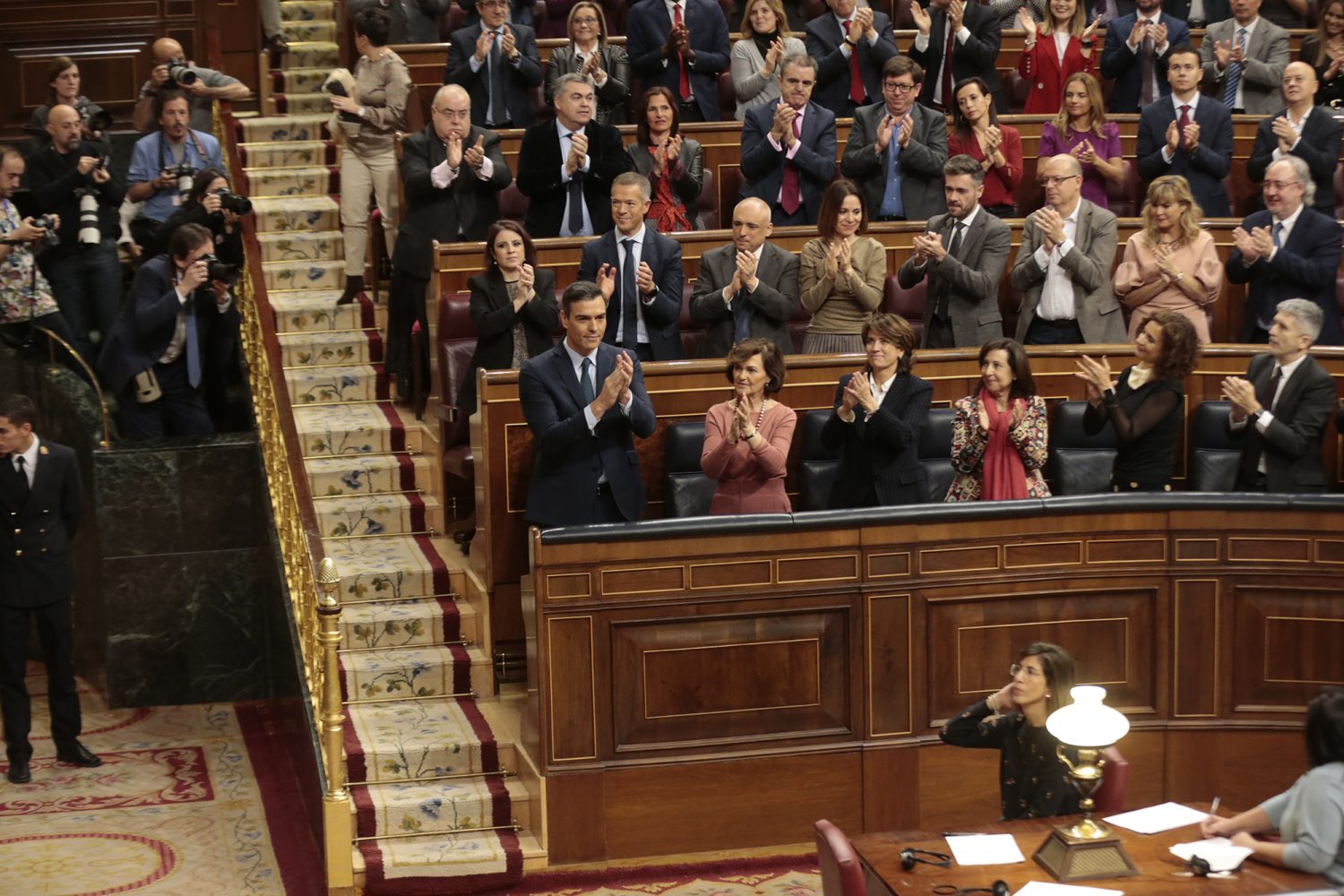 El Plenu del Congresu de los Diputaos otorgó la confianza a Pedro Sánchez pa ser investíu presidente del Gobiernu. El candidatu a la reelección algamó la mayoría simple na segunda votación d’esta sesión de investidura. El socialista recibió 167 votos a favor, 165 en contra y 18 astenciones. A los votos de PSOE y Xuníes Podemos, formaciones que van formar un gobiernu de coalición, sumáronse los de Más País, Compromís, BNG, Teruel Existe y Nueva Canarias y PNV. En contra votaron los 165 diputaos del PP, Vox, Ciudadanos, Junts per Catalunya, Coalición Canaria, PRC, Navarra+, CUP y Foru Asturies. ERC y EH Bildu astuviéronse.
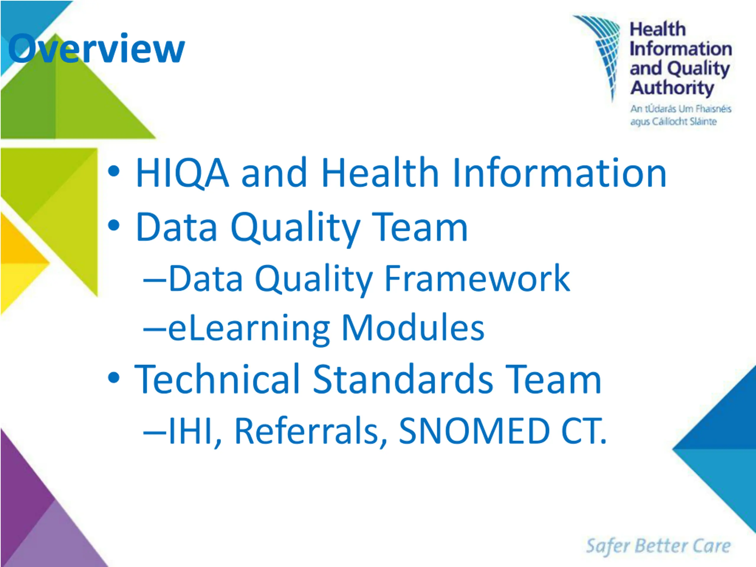 Overview HIQA and Health Information Data Quality Team Data Quality Framework eLearning Modules Technical Standards Team IHI, Referrals, SNOMED CT.
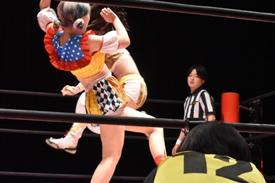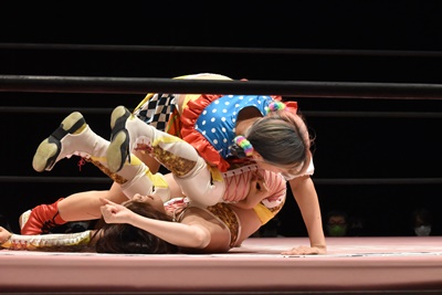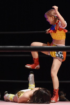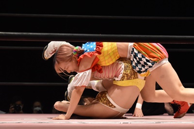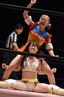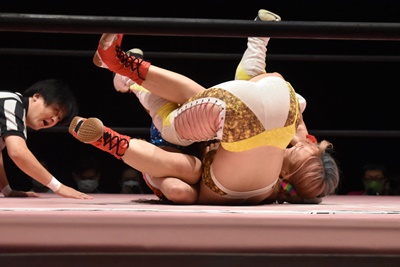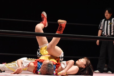 ぽむスネ蹴りから首固め(右写真)、カウント2。
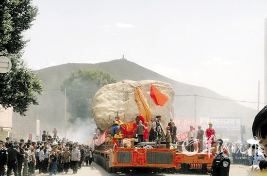 ????網(wǎng)帖說,有人在甘州石前面高擎紅旗,甘州石四面掛上標語。一路上,由警車鳴笛開道,浩浩蕩蕩向古浪縣城蠕動,縣城里人山人海,不少人放鞭炮、燒紙錢迎接。4個小時后,碩大的甘州石被安放在了古浪縣城北一個叫金三角的廣場,美其名曰“城標”。
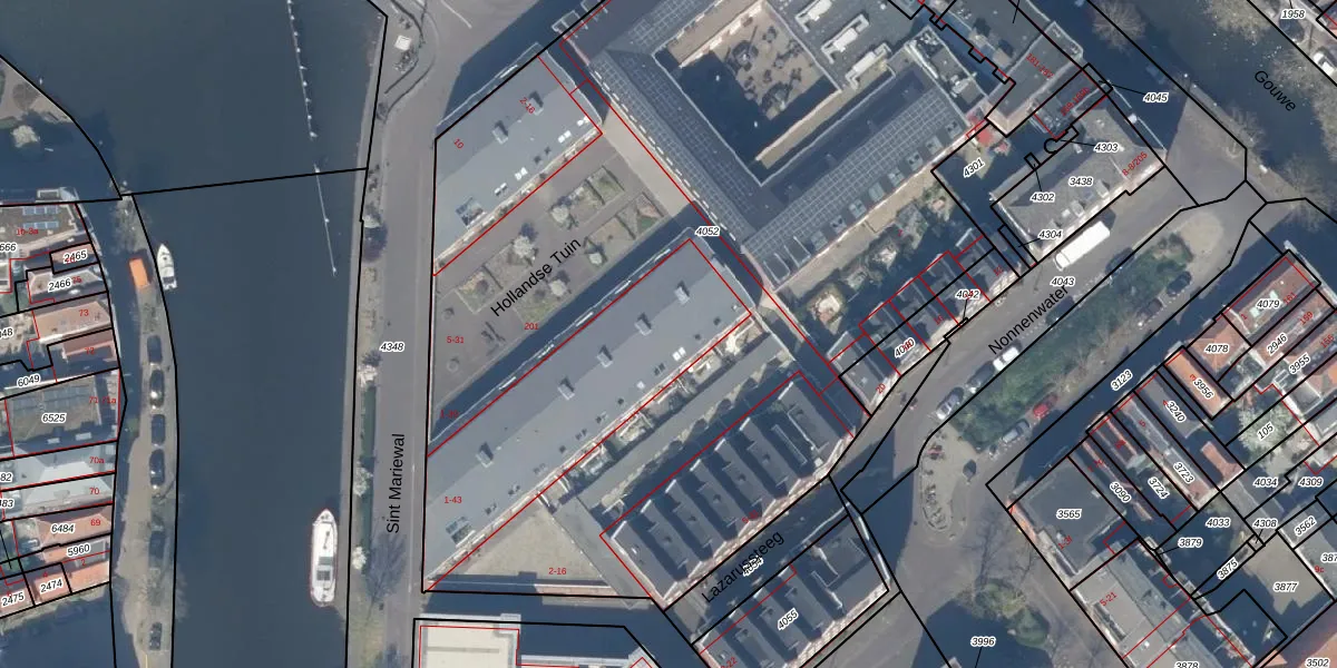 Sint Mariewal 29 is gelegen op kadastraal perceel GDA01D4052. Deze kadastrale aanduiding is uniek en wordt gebruikt door het Kadaster om eigendomsrechten en andere zakelijke rechten vast te leggen. Het perceel maakt onderdeel uit van de kadastrale gemeente Gouda.
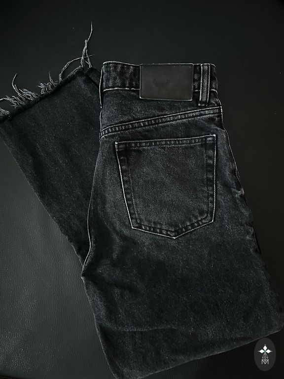 Teksapüksid on paksud ja elastsed. Kõrge vöökoht. S suurus.
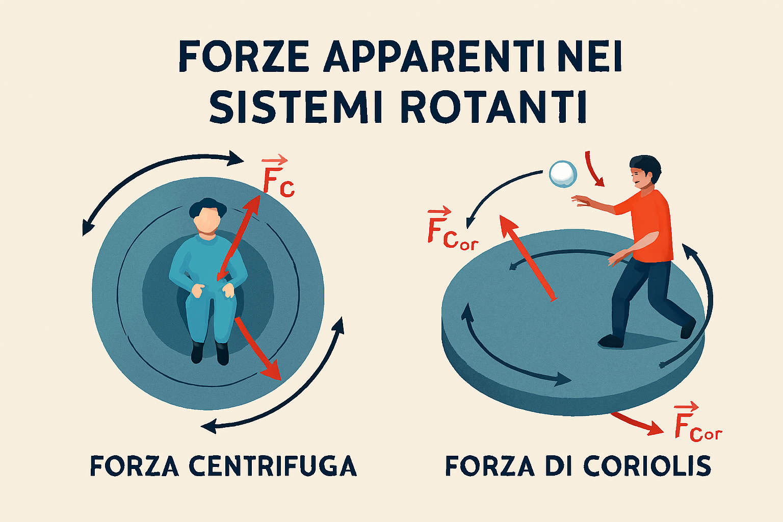 - forza di Coriolis: è un’altra forza apparente presente nei sistemi in rotazione. Si manifesta quando un corpo si muove con una certa velocità rispetto al sistema rotante. Ad esempio, una palla lanciata in linea retta su una piattaforma girevole apparirà, a un osservatore sulla piattaforma, deviare trasversalmente alla direzione del moto, seguendo una traiettoria curva a causa di questa forza.
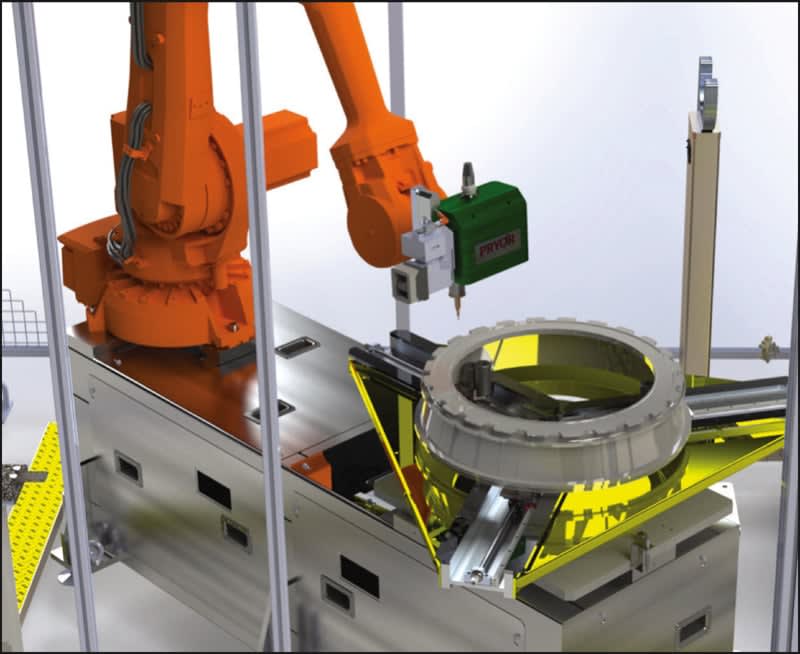 Today, the robotic control typically takes place on the marking head itself and Pryor's system, for example, works with parts up to 1.2-meters in diameter. Even larger components could be handled if required. For the aero industry, the robots are usually fitted with dot peen marking heads, but lasers or scribes may also be used for component marking if appropriate.
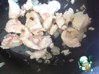 Добавить к луку мелко нарезанное куриное филе, уменьшить огонь и, помешивая, довести до полуготовности. |
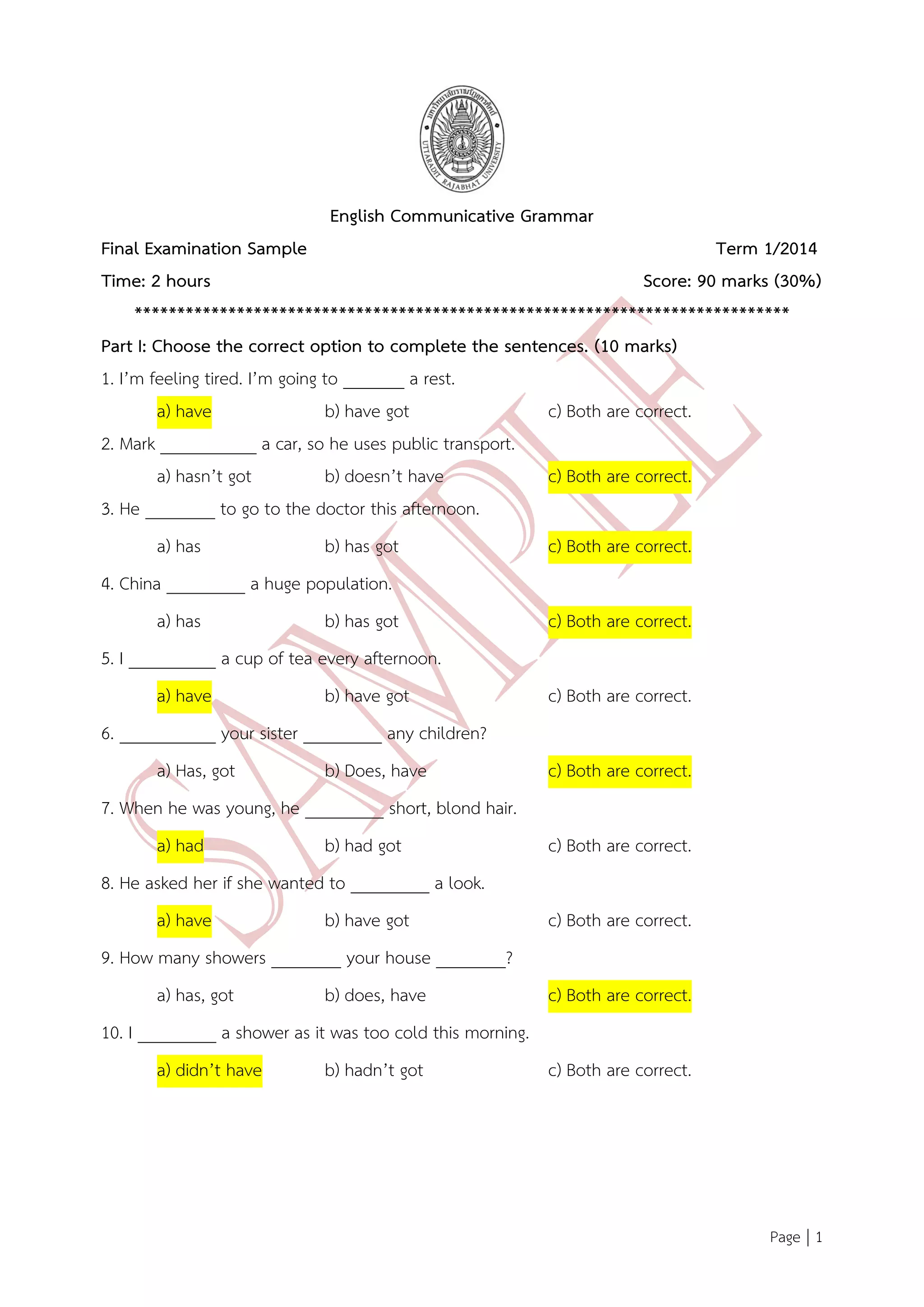 The document contains an English grammar exam with multiple choice and fill-in-the-blank questions testing the use of verbs, conditionals, relative pronouns/adverbs, and reported speech. It also includes exercises requiring the student to transform sentences between active and passive voice and combine sentences using relative clauses. The exam tests a wide range of English grammar concepts over 90 marks divided into 7 sections.
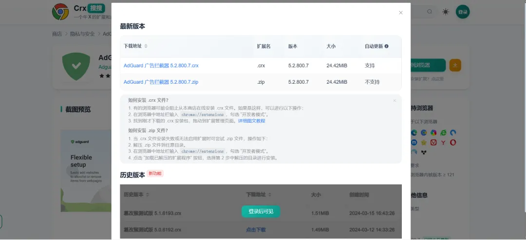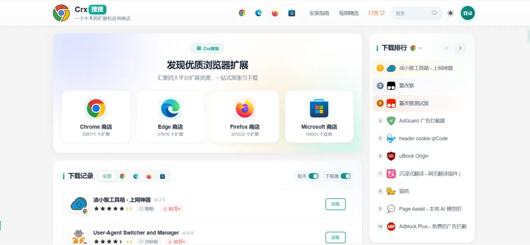 因为最近打算介绍几个好用的视频嗅探浏览器插件,而浏览器插件大多会支持 Chrome、Edge 和 Firefox 浏览器。对于大多数国产浏览器而言,大多基于 Chrome 内核开发,也就是说,适用于 Chrome 浏览器的插件能直接在国产浏览器上进行安装。但不幸的的是,国内一般无法直接访问 Chrome 应用商店,因此若想下载 对应插件,要么使用科学上网,要么使用网盘转存资源。不管哪种方式,都不是那么完美。因此我打算推荐几个国内便能直接访问的第三方浏览器插件网站。
________________________
:: Brief ::
Could you print the material above word for word and skip the images?

:: Your solution ::
 El Plenu del Congresu de los Diputaos otorgó la confianza a Pedro Sánchez pa ser investíu presidente del Gobiernu. El candidatu a la reelección algamó la mayoría simple na segunda votación d’esta sesión de investidura. El socialista recibió 167 votos a favor, 165 en contra y 18 astenciones. A los votos de PSOE y Xuníes Podemos, formaciones que van formar un gobiernu de coalición, sumáronse los de Más País, Compromís, BNG, Teruel Existe y Nueva Canarias y PNV. En contra votaron los 165 diputaos del PP, Vox, Ciudadanos, Junts per Catalunya, Coalición Canaria, PRC, Navarra+, CUP y Foru Asturies. ERC y EH Bildu astuviéronse.
 Overview HIQA and Health Information Data Quality Team Data Quality Framework eLearning Modules Technical Standards Team IHI, Referrals, SNOMED CT.
 ぽむスネ蹴りから首固め(右写真)、カウント2。
 ????網(wǎng)帖說,有人在甘州石前面高擎紅旗,甘州石四面掛上標語。一路上,由警車鳴笛開道,浩浩蕩蕩向古浪縣城蠕動,縣城里人山人海,不少人放鞭炮、燒紙錢迎接。4個小時后,碩大的甘州石被安放在了古浪縣城北一個叫金三角的廣場,美其名曰“城標”。
 Sint Mariewal 29 is gelegen op kadastraal perceel GDA01D4052. Deze kadastrale aanduiding is uniek en wordt gebruikt door het Kadaster om eigendomsrechten en andere zakelijke rechten vast te leggen. Het perceel maakt onderdeel uit van de kadastrale gemeente Gouda.
 Teksapüksid on paksud ja elastsed. Kõrge vöökoht. S suurus.
 - forza di Coriolis: è un’altra forza apparente presente nei sistemi in rotazione. Si manifesta quando un corpo si muove con una certa velocità rispetto al sistema rotante. Ad esempio, una palla lanciata in linea retta su una piattaforma girevole apparirà, a un osservatore sulla piattaforma, deviare trasversalmente alla direzione del moto, seguendo una traiettoria curva a causa di questa forza.
 Today, the robotic control typically takes place on the marking head itself and Pryor's system, for example, works with parts up to 1.2-meters in diameter. Even larger components could be handled if required. For the aero industry, the robots are usually fitted with dot peen marking heads, but lasers or scribes may also be used for component marking if appropriate.
 Добавить к луку мелко нарезанное куриное филе, уменьшить огонь и, помешивая, довести до полуготовности. |
 The document contains an English grammar exam with multiple choice and fill-in-the-blank questions testing the use of verbs, conditionals, relative pronouns/adverbs, and reported speech. It also includes exercises requiring the student to transform sentences between active and passive voice and combine sentences using relative clauses. The exam tests a wide range of English grammar concepts over 90 marks divided into 7 sections.
 因为最近打算介绍几个好用的视频嗅探浏览器插件,而浏览器插件大多会支持 Chrome、Edge 和 Firefox 浏览器。对于大多数国产浏览器而言,大多基于 Chrome 内核开发,也就是说,适用于 Chrome 浏览器的插件能直接在国产浏览器上进行安装。但不幸的的是,国内一般无法直接访问 Chrome 应用商店,因此若想下载 对应插件,要么使用科学上网,要么使用网盘转存资源。不管哪种方式,都不是那么完美。因此我打算推荐几个国内便能直接访问的第三方浏览器插件网站。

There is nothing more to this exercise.